5.12. - 8.11.2019, Vipingo Ridge,
Mombasa, KEN, Euro 300.000

Chrissie Wolf und Sarah Schober beim Saisonfinale in Kenia.
FINAL: Christine Wolf zündete am Moving Day sprichwörtlich den Turbo, denn die Tirolerin stürmte mit einer starken 66 bis auf Rang 2 nach vor und hat so vor den letzten 18 Bahnen der Saison einmal mehr ein Topergebnis regelrecht zum Greifen nah. Auf die Führende Schwedin Julia Engstrom fehlen ihr zwar bereits sieben Schläge, im Finalflight wird sie aber mit Sicherheit von Beginn an versuchen Druck aufzubauen.

Dies gelingt zumindestens auf den ersten Bahnen noch nicht wirklich so richtig nach Plan, denn am Par 5 der 2 lässt sie ein frühes Birdie noch aus. Dafür aber entpuppt sich erneut das Par 3 der 4 als gewinnbringend und ermöglicht der Tirolerin am Sonntag den erstmaligen Sprung in den roten Bereich.

Lange kann sie in diesem aber nicht verweilen, denn die 5 entpuppt sich als etwas zu harte Nuss, was sie postwendend wieder auf Level Par zurückwirft. Das kostet auch sichtlich den Rhythmus, denn auch auf der 7 kann sie einen Schlagverlust nicht vermeiden und rutscht so sogar in den Plusbereich ab. Die Probleme reißen auch danach nicht ab, denn ein wild verzogener Teeshot findet am Par 3 der 8 nur das Wasser, was prompt im nächsten Fehler mündet.

Die Tirolerin muss jetzt richtiggehend aufpassen, dass es nicht ganz dick kommt, denn die Schwächephase reißt auch auf der 9 nicht ab und nach dem unguten Triplepack droht sie, sollte sie ihr Spiel nicht konsolidieren können, sogar die Spitzenplätze etwas aus den Augen zu verlieren.
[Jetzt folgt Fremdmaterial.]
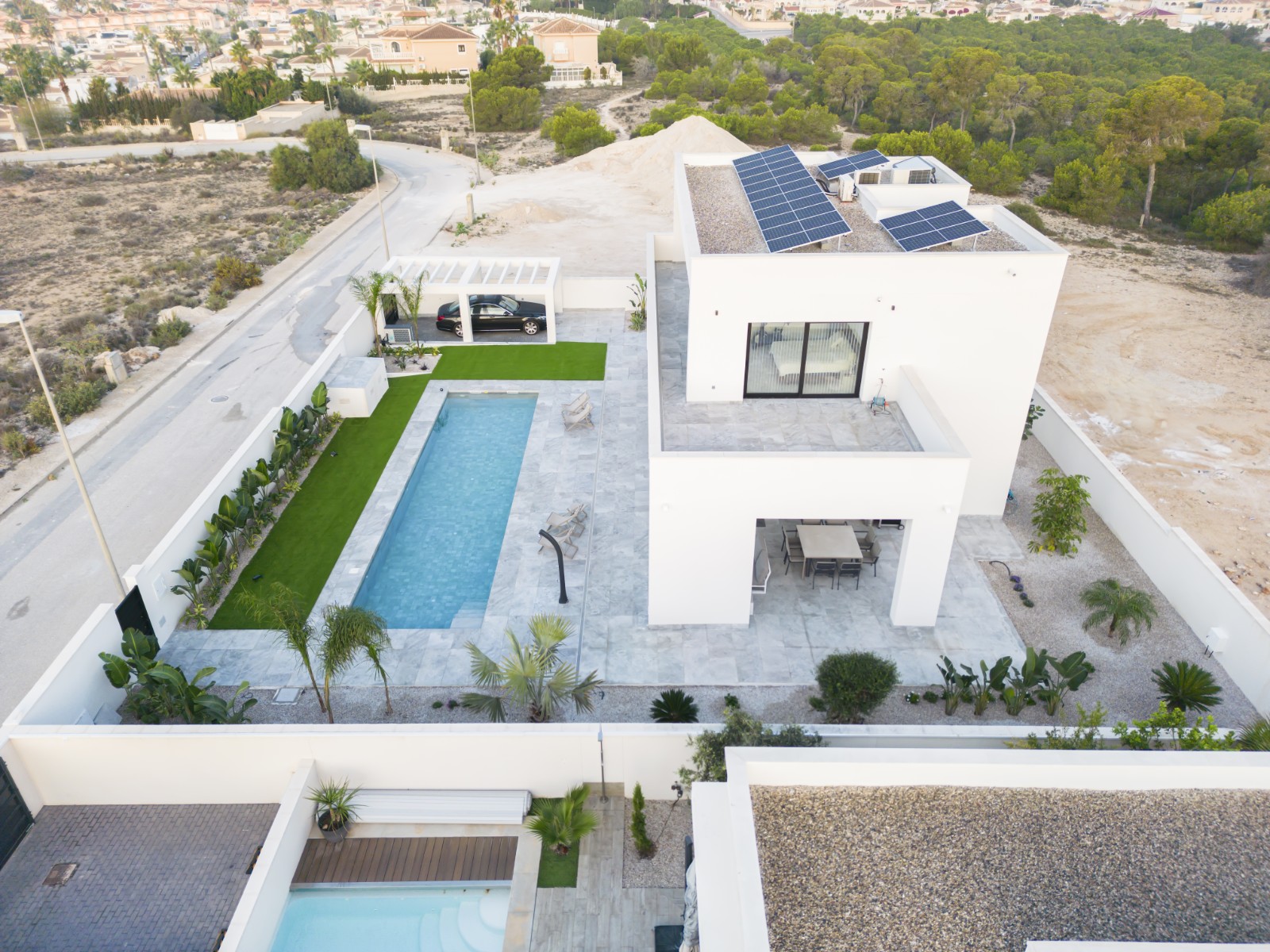 Welcome to the oasis of serenity and elegance that redefines life on the Mediterranean coast. This two-storey villa, with a superior design, stands majestically in the prestigious La Marina Urbanisation, in San Fulgencio, Alicante.
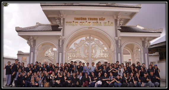 Hình 2: Đoàn tìm hiểu thực tế tại trường Trung cấp Phật giáo Hòa Hảo – Nguồn: Phạm
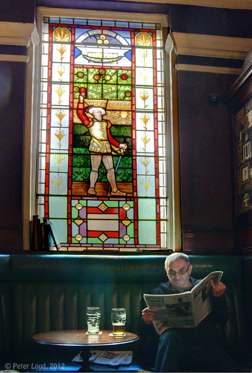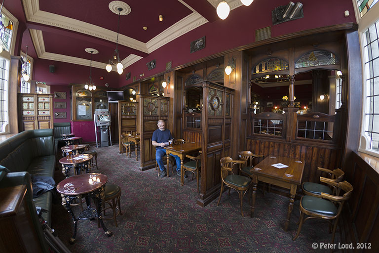 ![]() The Crown Posada, with stained glass windows. An old fashioned pub favoured by mature drinkers. |
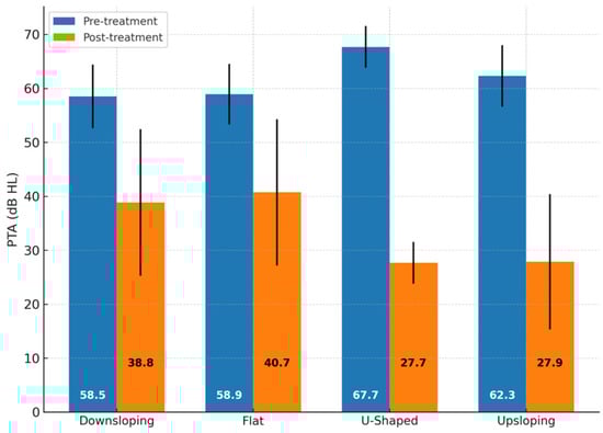 Comparison of pre- and post-treatment pure-tone average (PTA) values across audiogram shape subgroups. Mean PTA values before and after treatment are reported for downsloping, flat, U-shaped, and upsloping audiometric configurations. Baseline PTA values were broadly comparable across groups (mean range: 58.5–67.7 dB HL). Differences in PTA improvement were observed, with upsloping and U-shaped patterns showing greater post-treatment recovery compared with flat and downsloping patterns. No significant differences were detected in baseline PTA values across groups (one-way ANOVA, p = 0.12). Error bars indicate standard deviation. Abbreviations: PTA = pure-tone average; dB HL = decibels hearing level.

Am Par 5 der 11 kann sie dann das Ruder aber wieder etwas herumreißen, denn ein gefühlvoller Chip lässt ihr nur noch einen knappen halben Meter zum nächsten Birdie über.

Anknüpfen kann sie an das Erfolgserlebnis nicht und bekommt zu allem Überfluss dann gegen Ende der Runde auch noch Sand ins Getriebe. Dies verhindert am letzten Par 5 zunächst ein weiteres Birdie und auf der 16 muss sie sogar nach eingebunkerter Annäherung einen unangnehmen Tester zum Par lochen, besteht diesen aber mit Bravour.

Mit recht souveränen Pars macht sie auf den verbleibenden Bahnen nichts falsch, muss sich am Ende aber mit der 74 (+2), was ihre schwächste Runde der Woche darstellt, zufrieden geben. Immerhin steht am Ende aber ein 6. Platz auf der Habenseite und nach dem Sieg in Indien und insgesamt gesehen fünf Top 10 Ergebnissen kann sie auf eine mehr als nur erfolgreiche Saison zurückblicken, was ihr am Ende auch Rang 3 der Jahreswertung einbringt.


Sarah Schober startete aus der selben Ausgangslage wie ihre Landsfrau ins Wochenende, fand im Österreicher-Flight am Samstag aber keinen Rhythmus und rutschte mit der 75 weit zurück. Dennoch hat die junge Steirerin mit einer starken letzten Runde sicherlich noch die Chance die Saison gut zu beenden.

Souverän findet sie dann mit anfänglichen Pars in die Runde und darf sich nach starkem Eisen am Par 3 der 4 auch über das erste Birdie freuen, womit sie einen durchwegs gelungenen Start perfekt macht. Allerdings kann sie an das Erfolgserlebnis nicht wirklich anknüpfen und muss auf der 7 dann auch den scoretechnischen Ausgleich einstecken.

Nur kurz nach dem Wechsel auf die zweiten neun Bahnen kann sie dann mit der 11 aber auch ein Par 5 zu einem Birdie überreden, taucht sie wieder in den roten Bereich ab und verwaltet diesen gekonnt bis zum Ende. Mit der 71 (-1) gehen sich im Klassement zwar keine großen Sprünge mehr aus, Sarah beendet eine solide Saison aber immerhin stilecht mit einer roten Runde.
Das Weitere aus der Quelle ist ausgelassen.